10 Bizarre and Spooky Poetry Books for Halloween

There is always this fine balance as parents to encourage what we think is healthy and positive while gently steering our children away from what we believe is undesirable.

While the younger child doesn't care much for "spooky stuff" unless it is funny, the older one cannot have enough of it, the darker the better. The younger one is excited about poetry (the rhyming kind) while the older could take it or leave, as long as it is a good read (by her definition, of course).

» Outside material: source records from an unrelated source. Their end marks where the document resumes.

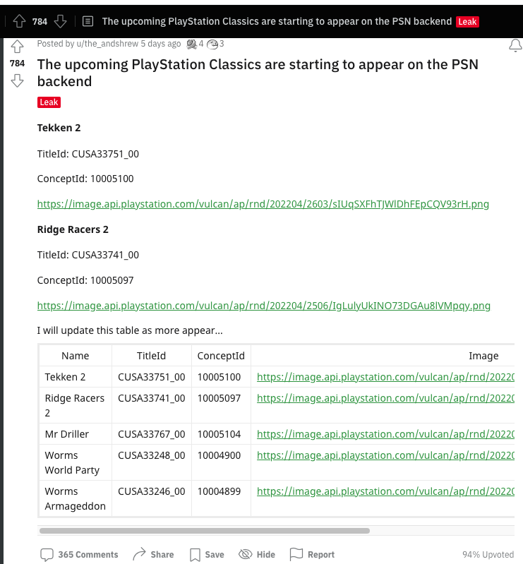 就在上个月,游机社报道过《全新PlayStation Plus将于5月开始提供超过百款游戏》。近日,该消息的后续信息被一位用户名为the_andshrew的Reddit用户进一步泄露。他表示将上架PlayStation的经典(shanggu)游戏已经在PSN的后台泄露,如下:
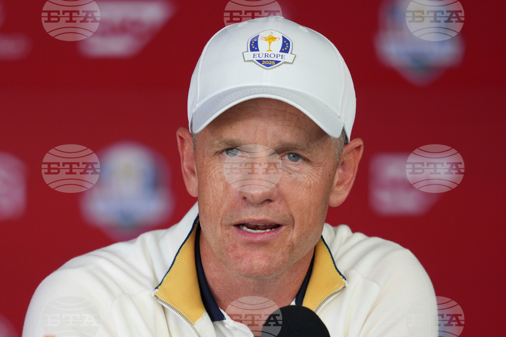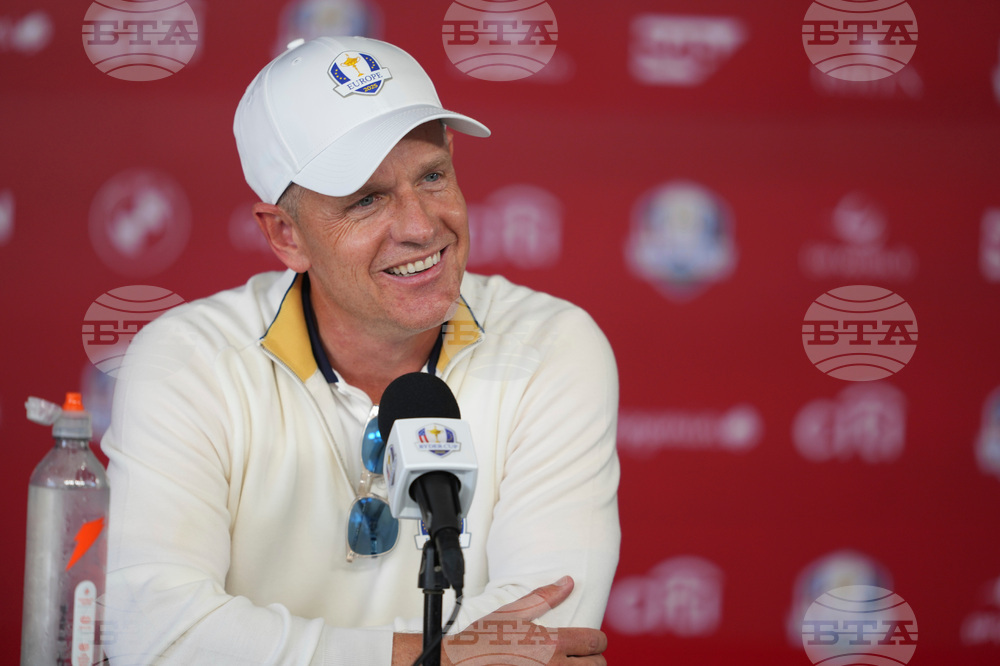 Europe Team Captain Luke Donald speaks during a news conference before a practice round at the Ryder Cup golf tournament, Tuesday, Sept. 23, 2025, in Farmingdale, N.Y., at Bethpage State Park's Black Course. (AP Photo/Lindsey Wasson)
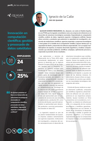 Innovaci%u00f3n en computaci%u00f3n cient%u00edfica; gesti%u00f3n y procesado de datos satelitales%u201c En Quasar ponemos el foco en el desarrollo de soluciones tecnol%u00f3gicas avanzadas en computaci%u00f3n cient%u00edfica, procesado de datos satelitales, ingenier%u00eda espacial e inteligencia artificial%u201dQUASAR SCIENCE RESOURCES, S.L. (Quasar), con sede en Madrid, Espa%u00f1a, es una PYME que ha logrado consolidarse como una empresa de referencia en el desarrollo de soluciones tecnol%u00f3gicas avanzadas. Especializada en computaci%u00f3n cient%u00edfica, an%u00e1lisis de datos, ingenier%u00eda espacial e inteligencia artificial, Quasar ofrece servicios y productos que potencian la capacidad de investigaci%u00f3n y desarrollo de instituciones cient%u00edficas, agencias espaciales y empresas tecnol%u00f3gicas a nivel global. En el %u00e1mbito de la computaci%u00f3n cient%u00edfica, Quasar destaca por su capacidad de dise%u00f1o y desarrollo de software especializado. Con un equipo multidisciplinar de expertos, la empresa desarrolla algoritmos y modelos computacionales que abordan problemas cient%u00edficos complejos, optimizando procesos y mejorando la precisi%u00f3n de los resultados. Las aplicaciones y servicios de Observaci%u00f3n de la Tierra (EO) est%u00e1n aumentando r%u00e1pidamente, en parte gracias al desarrollo por la Agencia Espacial Europea (ESA) de las misiones Sentinel para el Programa Copernicus, un esfuerzo europeo para monitorear la Tierra y sus diferentes h%u00e1bitats. Estas misiones llevan una amplia gama de tecnolog%u00edas para el monitoreo terrestre, de oc%u00e9anos y la atm%u00f3sfera, proporcionando enormes colecciones de datos EO a escala global, con una tasa de generaci%u00f3n en r%u00e1pido aumento. Adem%u00e1s, los avances en infraestructuras de Tecnolog%u00eda de la Informaci%u00f3n (IT) est%u00e1n permitiendo nuevas formas de acceder y explotar los datos EO. Esta r%u00e1pida evoluci%u00f3n brinda una oportunidad para los proveedores de servicios de valor a%u00f1adido en aplicaciones y productos EO, como es el caso de Quasar, que est%u00e1 aprovechando la oportunidad para desarrollar productos y servicios personalizados basados en datos EO.La ingenier%u00eda espacial es otro de los pilares fundamentales de Quasar. La empresa colabora estrechamente con agencias espaciales, instituciones de investigaci%u00f3n y empresas del sector aeroespacial para el desarrollo de soluciones innovadoras que contribuyen a la exploraci%u00f3n y explotaci%u00f3n del espacio. Quasar da soporte a las misiones de astronom%u00eda de la ESA, incluyendo toda la cadena operacional del segmento de tierra, desde el mantenimiento y desarrollo de software operacional hasta el dise%u00f1o de productos cient%u00edficos y el soporte a usuarios de datos de las distintas misiones. En este entorno, Quasar ofrece un espectro completo de servicios que satisfacen las necesidades tecnol%u00f3gicas m%u00e1s exigentes del sector.El %u00e9xito de Quasar reside en su equipo altamente cualificado, compuesto por cient%u00edficos, ingenieros y desarrolladores de software con una vasta experiencia en sus respectivos campos. Adem%u00e1s, Quasar mantiene un firme compromiso con la excelencia y la innovaci%u00f3n. La empresa se esfuerza por estar a la vanguardia de los avances tecnol%u00f3gicos y cient%u00edficos, garantizando la calidad para con sus clientes. A trav%u00e9s de la consultor%u00eda, el desarrollo de software a medida, la gesti%u00f3n de proyectos cient%u00edficos y la formaci%u00f3n especializada, Quasar se compromete en impulsar el %u00e9xito y la sostenibilidad de sus proyectos.CEO DE QUASARIgnacio de la Calleperfil_de las empresas24EMPLEADOSI+D+I25%62

So, when we decided to explore a theme for October, it seemed like poetry books that celebrate the creepy while balancing it out with humor, was a natural choice.

Of course, it was unavoidable to run into "Hallowe'en" along the way - there are very few children's picture books about the menacing macabre theme without the implicit association with All Hallow's Eve.

As usual, we raided the local library and found what we could and read the books one after the other, in no particular order. Some of the books below are for 8+ while others might be just fine of the 5/6 year olds.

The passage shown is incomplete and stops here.